My Bad Boy's

My Bad Boy's
You're evil



It's been a month since my brother left, and there's been a little change in my life.I've started to open up a little with my family, but I'm still cold and indifferent to eomma..I know what I did was wrong, but my disappointment was greater than anything.The day I went through as usual, there was no difference..I was preparing to go to school with my father.According to school I saw the state of my table dirty in scribbled chalk with chalk.I looked around me, but nothing looked suspicious..likewise with jungkook.I think he truant again.during class hours.I found a piece of paper that says "ugly base" I also do not know who.When the break bell rang I went to the canteen alone..yes I was alone, ever since shin-hye has been out of this school because her parents were broke.Accordingly to her in the cafeteria I ordered a bowl of ramen and a glass of mango juice, while I wanted to sit down..the horde of guys stopped me.


Seok-jin:"eiits.this is our bench, you go find somewhere else"


Hae-gi:"but this is the only one that's empty"


Seok-jin:"heh.care what we are"


Hearing his words I immediately left, but he held me back.


Seok-jin: "if you want to eat.you can sit here" pat her thighs.

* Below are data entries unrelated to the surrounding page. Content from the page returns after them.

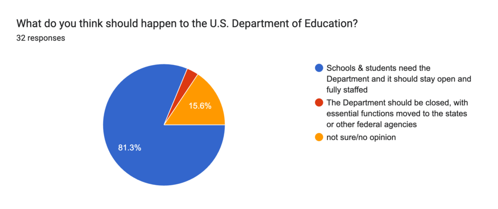 Our student poll revealed that 81% of students felt that schools and students need the Department and that it should stay open and fully staffed; 3.1% believe the department should be closed, with essential functions moved to the states or other federal agencies.
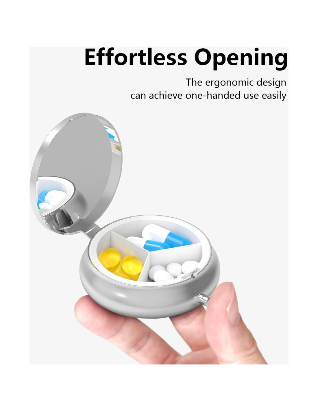 - Tamaño portátil: Nuestra mini caja de pastillas tiene 3 compartimentos, mide 5.08 cm de diámetro y 1.75 cm de grosor. Es compacta y ligera, cabe perfectamente en la palma de tu mano, ocupa poco espacio y se desliza fácilmente en tu billetera y bolsillo, adecuada para viajes y uso diario. Perfecta para poner en tu bolso, mochila de viaje, maletín o el bolsillo trasero de tus jeans para medicamentos diarios
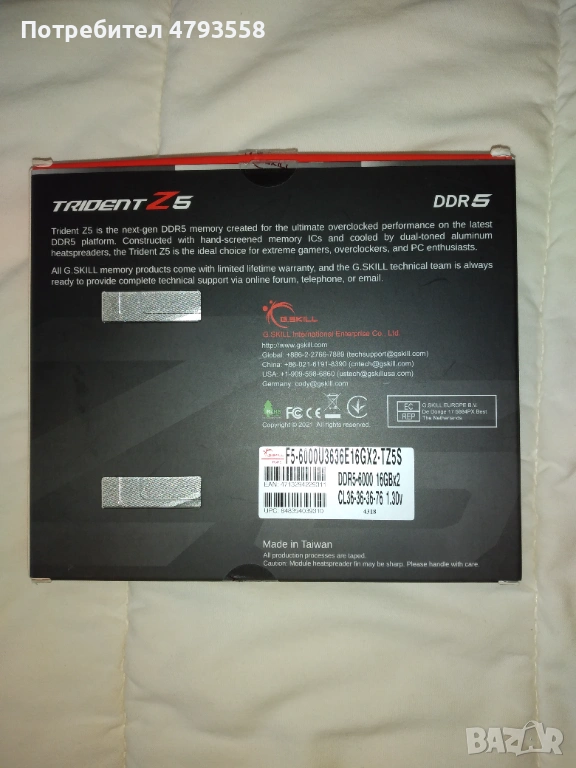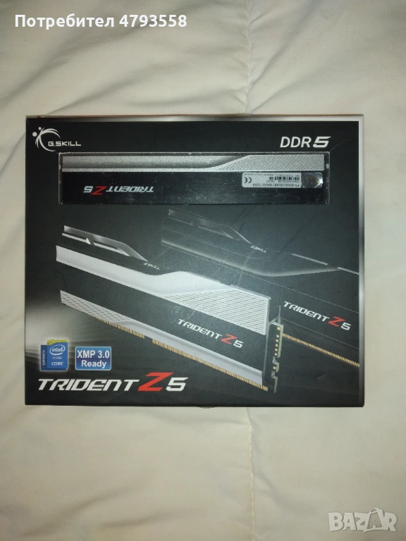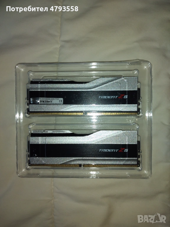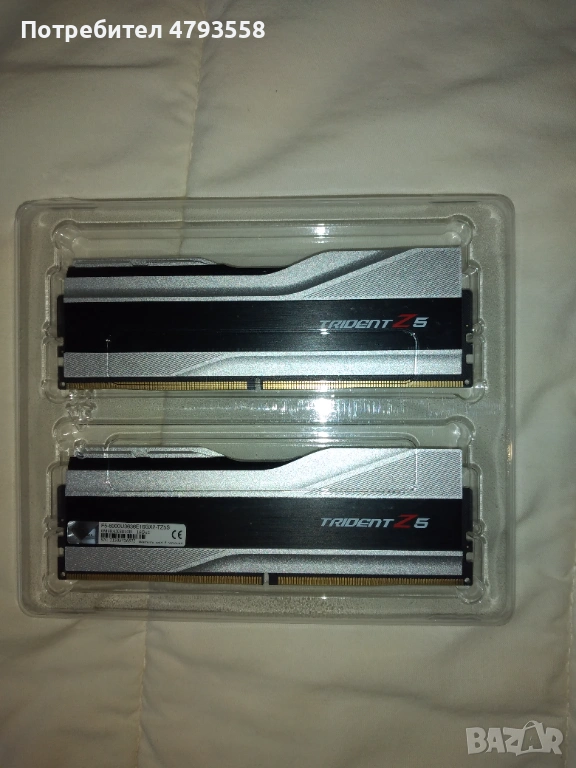 Продавам употребявана RAM памет марка G.Skill модел Trident Z5 F5-6000U3636E16GX2-TZ5S 32 GB (2 плочки по 16 GB DDR5), честота 6000 MHz, латентност CL 36-36-36-76, 1.30V, без RGB. Комплектът е закупен на 06.01.2022 г. от украинска фирма, като има остатъчна гаранция до 06.01.2027 г., а именно: 9 месеца. Оперативната памет е в перфектно техническо и външно състояние, неразличимо от ново – в пълен комплект, като реално е използвана около 8 (осем) месеца. Продава се само комплект, не по единично. Не проявявам интерес към бартери.
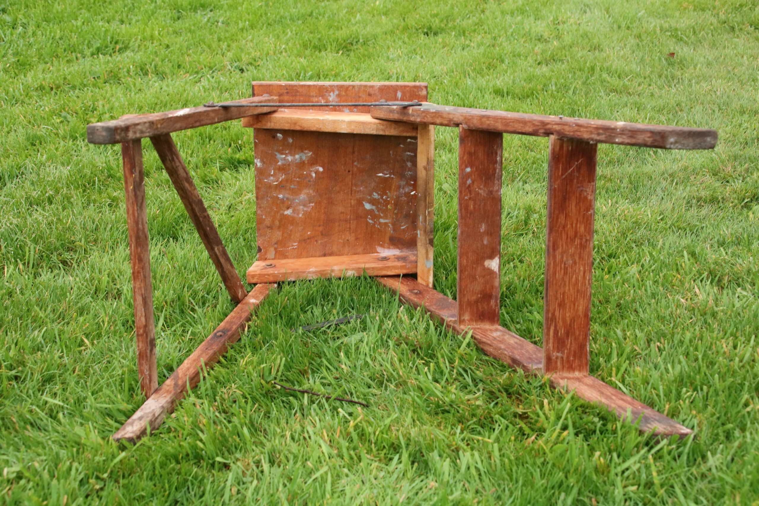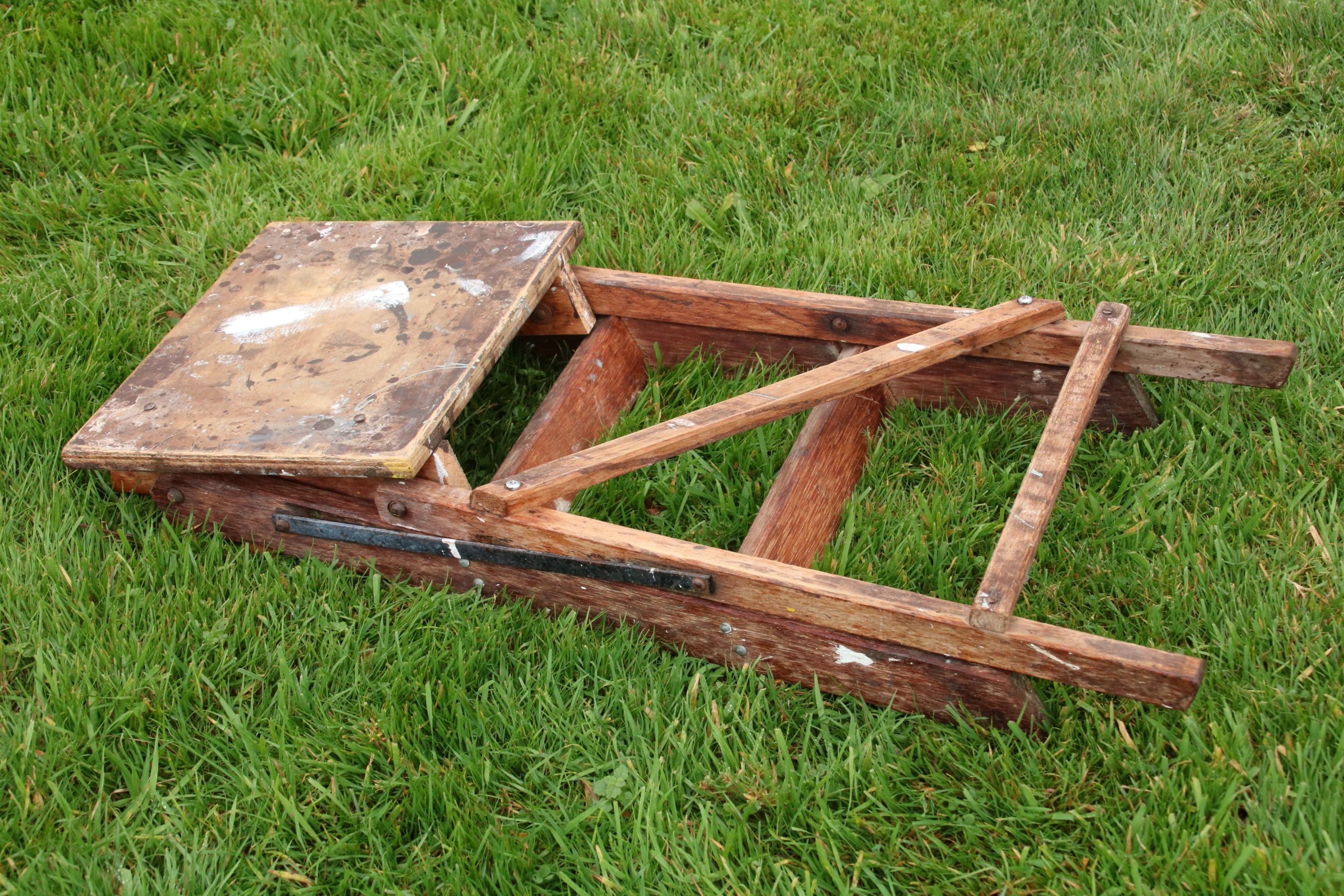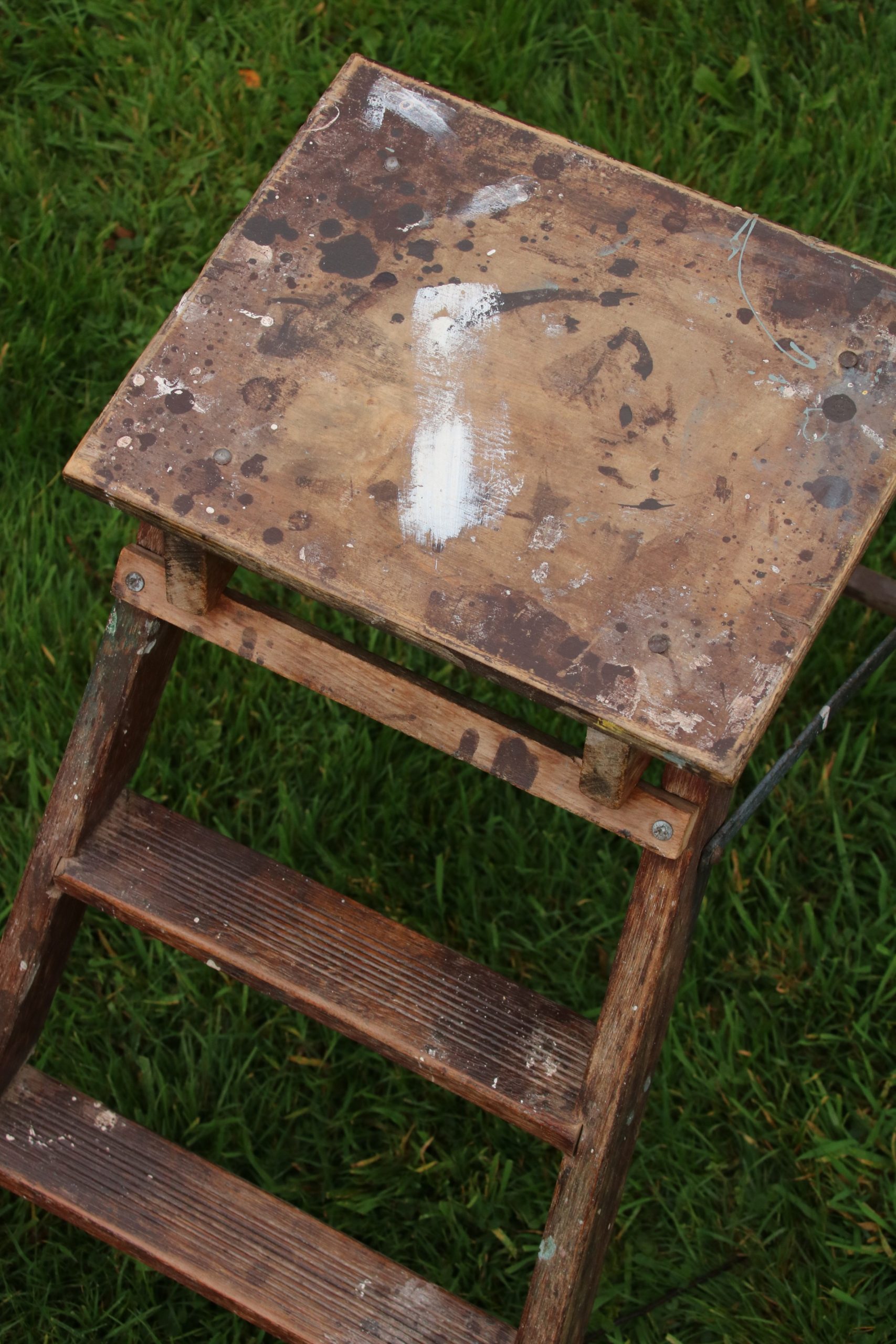 The ladder is in very good, used condition with some original paint splatters and marks. It has been waxed and folds down for storage. The top front bar has new screws in it.
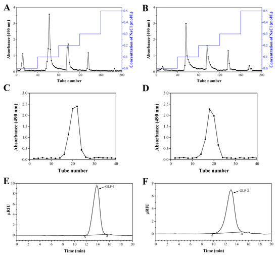 Stepwise elution profiles of CGLP-1 (A) and CGLP-2 (B) on DEAE-Sepharose fast-flow column. Elution profiles of the 0.1 M NaCl fraction obtained from CGLP-1 (C) and CGLP-2 (D) on Sephacryl S-300 HR column. HPGPC graphs of GLP-1 (E) and GLP-2 (F).
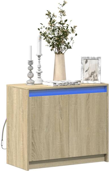 Díszítse fel szobáját ezzel a modern, LED-es lámpákkal felszerelt tálalószekrénnyel, mely könnyedén beleolvad otthona bármely stílusához. Tartós anyag: A szerelt fa kivételes minőségű, sima felületű, szilárd, stabil, és ellenáll a nedvességnek. RGB LED-világítás: A tálalószekrény élénk RGB LED-világítással lett felszerelve. A sokféle testre szabható menü seg
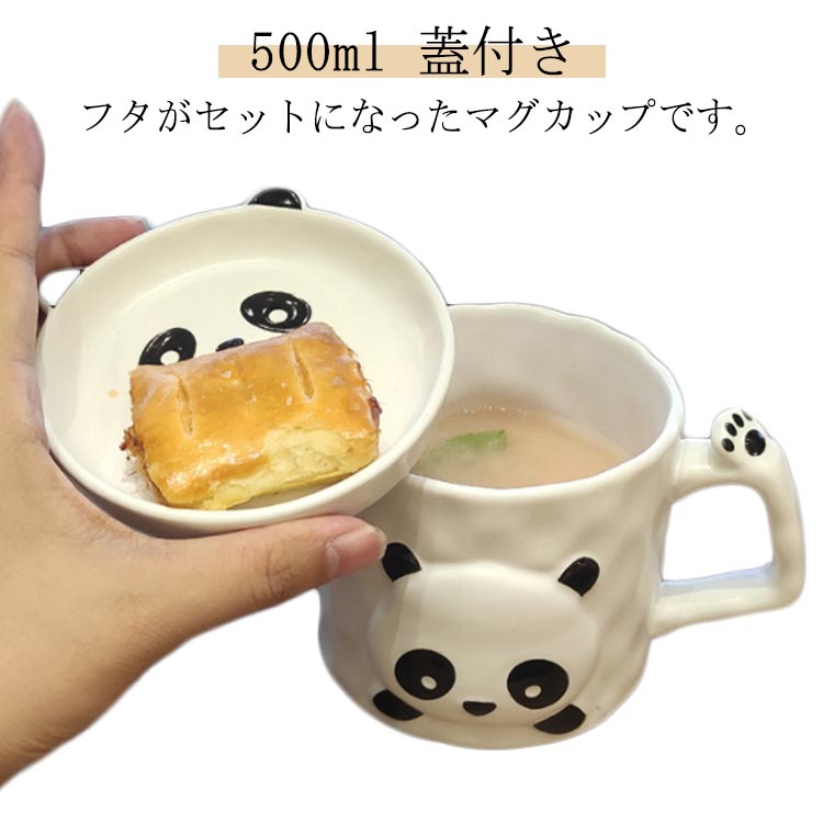 マグカップ 皿 セット マグカップ 500ml 蓋付き 食器 食洗機対応 おしゃれ フタ付マグカップ パンダ おしゃれ コーヒーカップ カップ コーヒー 珈琲
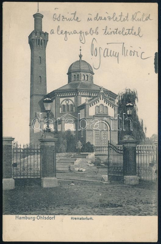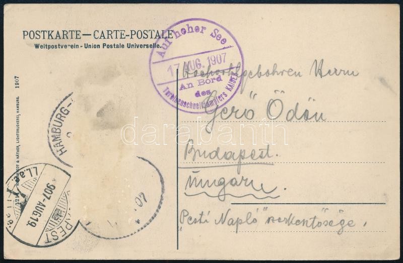 1907 Pogány Móric (1878-1942) magyar építész, urbanista, egyetemi tanár; grafikusművész üdvözlőlapja Hamburgból, Gerő Ödön (1863-1939) újságírónak, a Pesti Napló szerkesztőségébe küldve, auf hoher See, an Bord des Turbinendampfers Kaiser bélyegzővel.
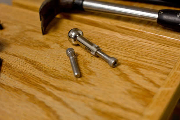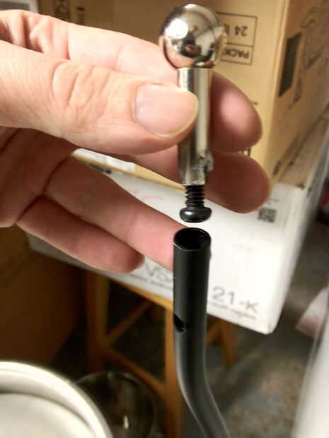 Una vez que tengas todos 4 cromado rótula prueba piezas que encajen con su soporte mediante un tornillo de 1/4-20. Encontrar que es suficiente para soportar el altavoz en el soporte pero no bloquea el orificio del cable de altavoz algunas pulgadas hacia abajo desde la parte superior del soporte. El ajuste debe ser tan estrecha como sea posible. Utilice un perno de acero inoxidable si es posible hacer los stands más pasado y menos tendencia a agarrotarse.
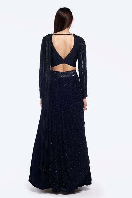 Navy blue pre-draped lehenga saree featuring sequins, cheed, and cutdana work. Accompanied by an embellished blouse with a deep V-neck and long sleeves.

Hae-gi:"sorry.thank you.but I'd rather eat on the toilet seat than sit on your lap" passed by leaving her.and I also had to eat on the toilet seat, too,yes the toilets in our school were clean and also not well.so I did not feel disgusted in the slightest.15 minutes finished eating the bell rang in,the students began to scramble to get into their respective classes.so with me.According to the class I did not see my bag at all.I looked for it but never met, I looked for it,I sat there thinking I would hold my tears.I saw my bag hanging on the cherry blossom tree beside the music room, I immediately went there and without thinking I climbed up the tree..fortunately, today we were wearing sports clothes, I managed to reach my bag when I wanted to come from the tree my footing was gone and I finally fell and made my knees bleed..I endured the pain in my knee.trying not to cry.but my efforts failed these tears flowed so hard.


Hae-gi:"aakh siaal.whyks..why do they always bother me.hiks.pwhen I have no problem with him.hiks.waeyo"I vented my frustration by kicking the tree very hard, and then I cried sitting down and pressed my forehead against the tree.


Bangtan pov's


Tae:"what are you doing this is not excessive jinn?you hurt her"


Jin: "he's good at climbing, but I didn't expect him to lose his footing"


Nam joon:"do you have no pity to see her crying like that genie?"


Seok-jin:"I feel pity.even feel the pain.kuman he made me angry.he refused to me.jdi do not get me wrong kn me"


"excuse me little girl.I just don't like being rejected, especially with you" she said in her heart.


I finished crying and called Kai


Hae-gi📞:" oppa..sore this do not pick me up.I nantik home a little afternoon.so there is a group task"


Kai📞:"that's it.all right... Don't forget to eat nnti" and our connection was cut off, finished calling kai I went to uks.to treat the wound on my knee, got there I didn't see who, I didn't see who,I think the doctor was on leave.Then I cleaned and treated my own wounds while enduring the pain.I chose to skip the lesson.until the bell went home to ring.I headed for class with a limp step,to take my bag..after I came home from school I did not go straight home but I went to the flower shop to buy a yellow cosmos flower bucket and went to the oppa d.o grave almost every day I went here,for 25 minutes walking by taxi I finally got to the grave kak d.o and put the flower.I looked at the headstone that read his name DO KYUNG SOO and made me smile wryly.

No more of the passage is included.